How could I not forever love Joan Didion? She is a prose goddess who is prepared to burn down every single America's sacred political temples. She takes no prisoners. Reagan is an empty shirt who can hit a mark. George Bush, Sr. Boring. The Clinton campaign? Bottom-feeding, focus-grouped idiots. George W. Bush? A pandering fool for Christ. And I think she actually liked most those politicians as people.

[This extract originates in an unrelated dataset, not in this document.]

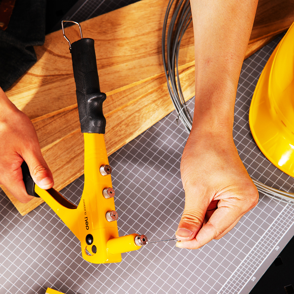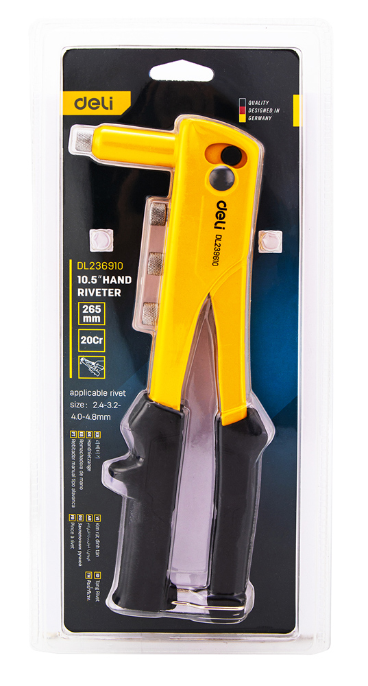 Πριτσιναδόρος χειρός της Deli κατάλληλος για χρήση με πριτσίνια διαμέτρου 2.4mm, 3.2mm, 4mm και 4.8mm.

Joan saves her hottest anger for when she is writing about the opinion makers, the political journalist, etc. (I honestly think whenever she switches gears from politicos to the hacks, she puts away the ink and starts to write with blood); and those back-room attorneys plotting Clinton's demise or Clinton's campaign, and the absolute buffoons who try to keep us up-to-date on the horse race of the campaign. That special class of idiots who type the narrative we are supposed to ingest about the moral failings, the moral resurrection, the need for morality in our politicians. She hates them all. It is a delicious thing to watch. The closest emotion I can point to is that feeling I get when I watch Dexter or Hannibal cut up and eat one of their righteous kills. It both disgusts and thrills me.

And yes. Certainly. Didion is part of the game. She is part of the narrative makers she bitches about. However, she is a wiser Buddha, a cooler Jesus, a Moses who can really kick political ass. If I could with ease, hand out to a handful of my favorite writers the secret of eternal life, I would save an early vial for Queen Didion. I can't imagine a written world without her wit, her sideways shivs, her beautiful prose. A political year with out Didion is a political theatre I don't want to watch.

Anyway, this book is made up of eight articles and a forward:

1. Insider Baseball, New York Review of Books, Oct 27, 1988
2. The West Wing of Oz
3. Eyes on the Prize, New York Review of Books, Sep 24, 1992
4. New Gingrich, Superstar
5. Political Pornography
6. Clinton Agonistes, New York Review of Books, Oct 22, 1998
7. Vichy Washington
8. God's Country, New York Review of Books, Nov 2, 2000

Read them. Read them all. We have started a brand new election year and among all the bullshit and political noise, it helps to have a lighthouse, a golden goddess to guide one through the darkness of spin, Luntzcraft and massaged messages to light, truth, and damn good prose.